- ASSIGNMENT
In the records below, find the line that contains "Die Verpackung des" and the line that contains "클래식 인터넷 라디오"; write out exactly those two lines and everything between them, without the pictures.

- EXERCISE DATA
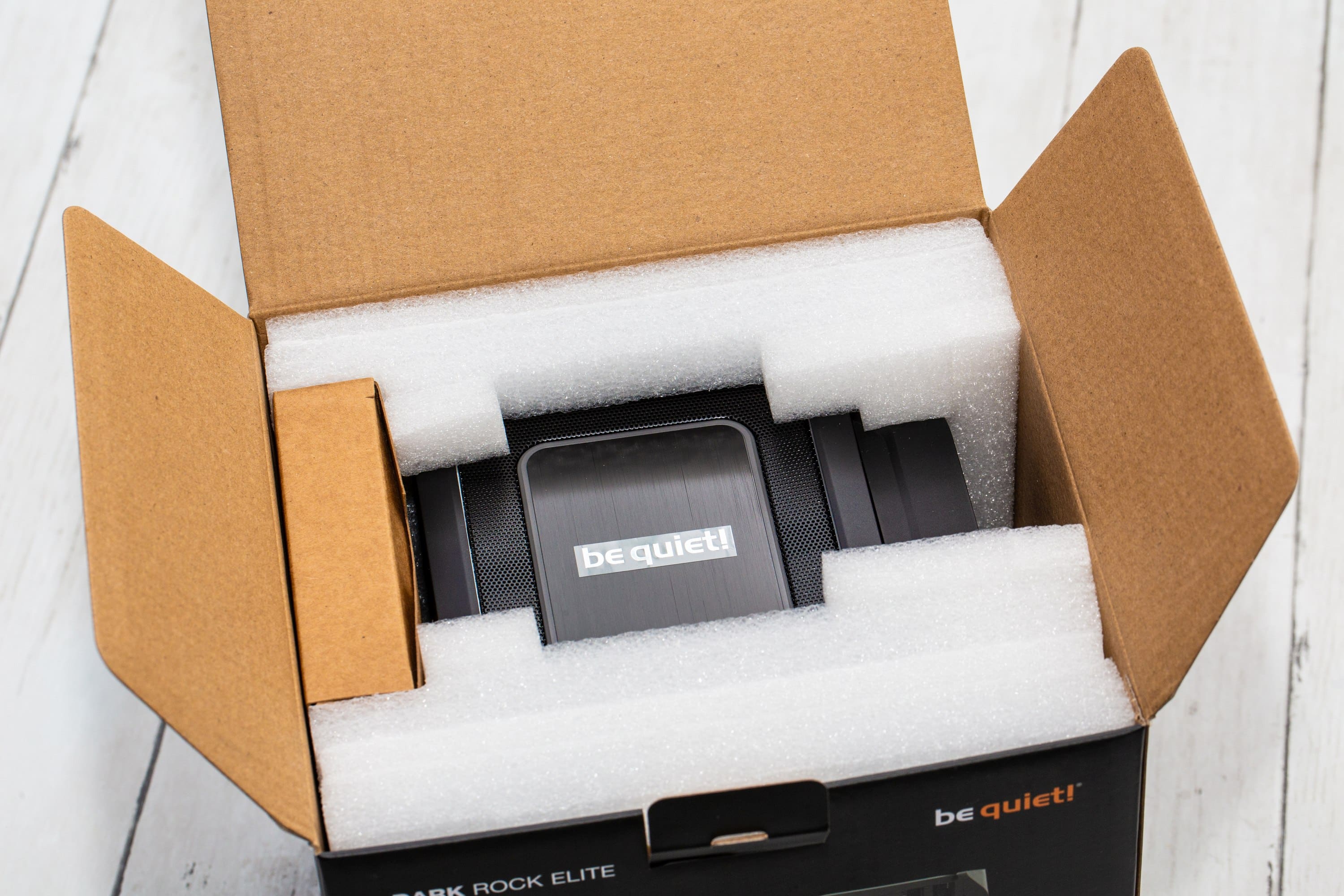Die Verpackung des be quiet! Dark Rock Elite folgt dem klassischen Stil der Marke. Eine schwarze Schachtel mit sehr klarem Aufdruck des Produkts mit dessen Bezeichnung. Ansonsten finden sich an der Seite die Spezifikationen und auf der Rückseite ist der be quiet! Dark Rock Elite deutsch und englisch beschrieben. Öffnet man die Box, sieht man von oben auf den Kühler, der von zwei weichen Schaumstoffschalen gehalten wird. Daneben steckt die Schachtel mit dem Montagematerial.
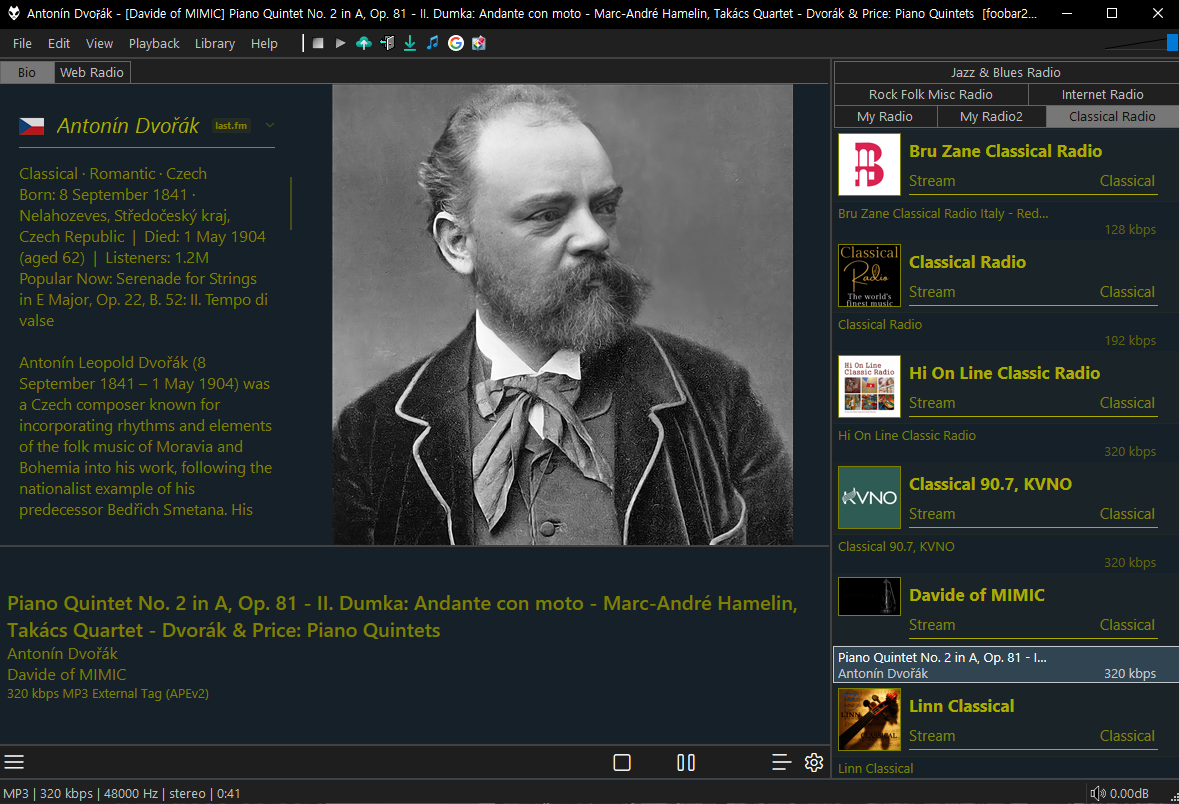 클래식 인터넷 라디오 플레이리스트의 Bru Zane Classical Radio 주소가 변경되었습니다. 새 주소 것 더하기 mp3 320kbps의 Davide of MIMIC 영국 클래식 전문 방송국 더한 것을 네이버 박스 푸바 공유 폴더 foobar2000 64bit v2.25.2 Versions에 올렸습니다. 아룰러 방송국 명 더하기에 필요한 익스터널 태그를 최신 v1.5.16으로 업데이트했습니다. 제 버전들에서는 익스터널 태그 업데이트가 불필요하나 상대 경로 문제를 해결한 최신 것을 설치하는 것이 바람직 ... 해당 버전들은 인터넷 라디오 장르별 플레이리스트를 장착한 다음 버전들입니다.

==

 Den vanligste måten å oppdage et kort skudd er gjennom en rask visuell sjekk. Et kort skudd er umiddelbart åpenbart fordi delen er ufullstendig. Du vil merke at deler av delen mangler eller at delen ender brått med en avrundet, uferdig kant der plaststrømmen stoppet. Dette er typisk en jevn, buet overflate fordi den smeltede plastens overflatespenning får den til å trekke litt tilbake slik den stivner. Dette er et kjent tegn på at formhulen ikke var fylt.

- WRITTEN SOLUTION
Die Verpackung des be quiet! Dark Rock Elite folgt dem klassischen Stil der Marke. Eine schwarze Schachtel mit sehr klarem Aufdruck des Produkts mit dessen Bezeichnung. Ansonsten finden sich an der Seite die Spezifikationen und auf der Rückseite ist der be quiet! Dark Rock Elite deutsch und englisch beschrieben. Öffnet man die Box, sieht man von oben auf den Kühler, der von zwei weichen Schaumstoffschalen gehalten wird. Daneben steckt die Schachtel mit dem Montagematerial.
 클래식 인터넷 라디오 플레이리스트의 Bru Zane Classical Radio 주소가 변경되었습니다. 새 주소 것 더하기 mp3 320kbps의 Davide of MIMIC 영국 클래식 전문 방송국 더한 것을 네이버 박스 푸바 공유 폴더 foobar2000 64bit v2.25.2 Versions에 올렸습니다. 아룰러 방송국 명 더하기에 필요한 익스터널 태그를 최신 v1.5.16으로 업데이트했습니다. 제 버전들에서는 익스터널 태그 업데이트가 불필요하나 상대 경로 문제를 해결한 최신 것을 설치하는 것이 바람직 ... 해당 버전들은 인터넷 라디오 장르별 플레이리스트를 장착한 다음 버전들입니다.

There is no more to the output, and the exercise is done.